● **TASK DETAILS**: What is needed is an exact repetition of the lines below, from the first one through the one holding "Dostatočné chladenie pílového", with no pictures and nothing else.
DATA IN THIS EXERCISE START
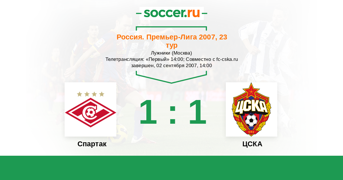 Россия. Премьер-Лига 01.04.2006 Спартак Логотип футбольный клуб Спартак (Москва) 1:1 Логотип футбольный клуб ЦСКА (Москва) ЦСКА
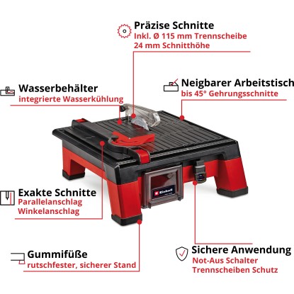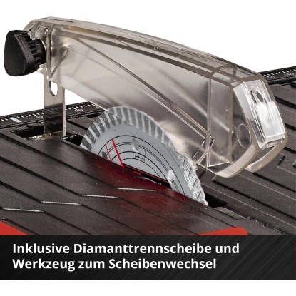 Dostatočné chladenie pílového listu pri rezaní zaisťuje integrovaná nádrž na vodu, ochrana rezných kotúčov ponúka potrebnú bezpečnosť. Protišmykové gumové nožičky bez vibrácií zaručujú stabilitu. Možnosť uchopenia zaručuje mobilitu ľahkej akumulátorovej rezačky dlaždíc. Súčasťou dodávky je diamantový rezný kotúč a nástroj.
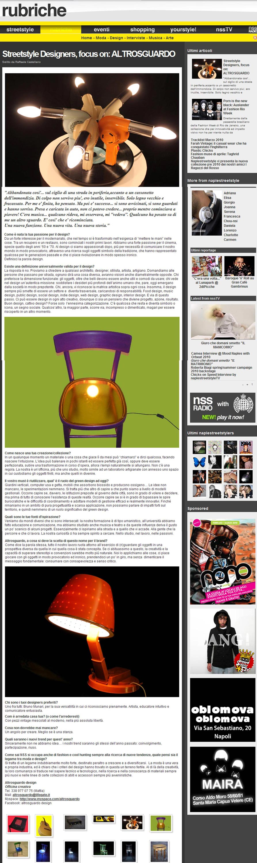Naplestreetstyle – Marzo 2010 Posted on March 25, 2010 by Altrosguardo .:. Art & Design Intervista ad Altrosguardo sul blog Naplestreetstyle Clicca sull’immagine per ingrandire Interview with Altrosguardo on Naplestreetstyle blog Click image to enlarge Share this: Share on Facebook (Opens in new window) Facebook Share on X (Opens in new window) X Share on Pinterest (Opens in new window) Pinterest Share on LinkedIn (Opens in new window) LinkedIn Share on Tumblr (Opens in new window) Tumblr Email a link to a friend (Opens in new window) Email Like Loading...
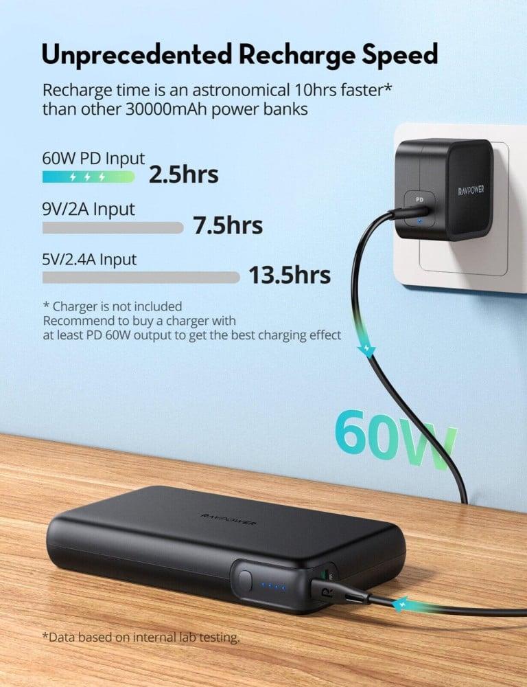 الحل المثالي لشحن أجهزتك في مختلف الأماكن، بطارية متنقلة من راف باور بتقنية الشحن السريع يصل الى 100 واط و سعة 30000 ملي امبير
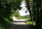Weiter zwischen Wald und Feld bis am Ende des Feldes der Weg in den Wald des Mittelberges führt. |
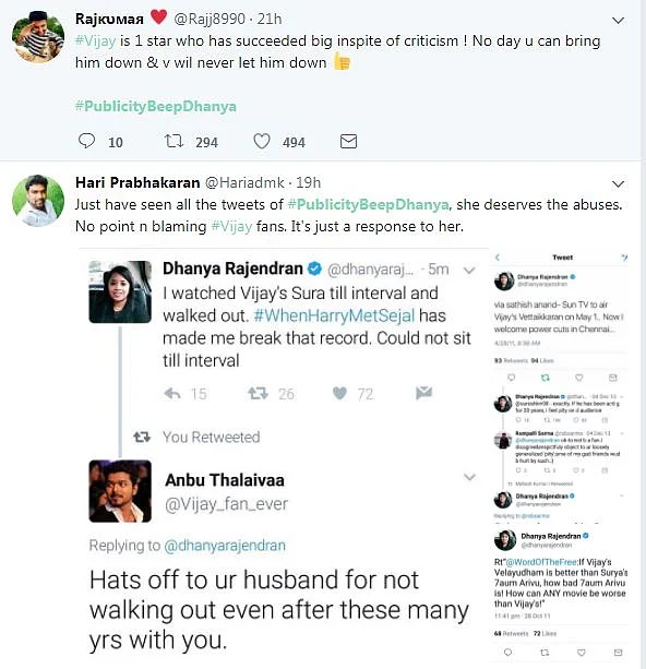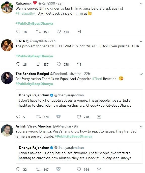 By Sunday evening the trolling had become organised slander and sexually abusive by people claiming to be actor Vijay’s fans. A twitter handle – @kettavanmemes – started a malicious online campaign against the journalist, by creating a hashtag #PublicityBeepDhanya.
DATA IN THIS EXERCISE END
● **RESPONSE**:
 Россия. Премьер-Лига 01.04.2006 Спартак Логотип футбольный клуб Спартак (Москва) 1:1 Логотип футбольный клуб ЦСКА (Москва) ЦСКА
 Dostatočné chladenie pílového listu pri rezaní zaisťuje integrovaná nádrž na vodu, ochrana rezných kotúčov ponúka potrebnú bezpečnosť. Protišmykové gumové nožičky bez vibrácií zaručujú stabilitu. Možnosť uchopenia zaručuje mobilitu ľahkej akumulátorovej rezačky dlaždíc. Súčasťou dodávky je diamantový rezný kotúč a nástroj.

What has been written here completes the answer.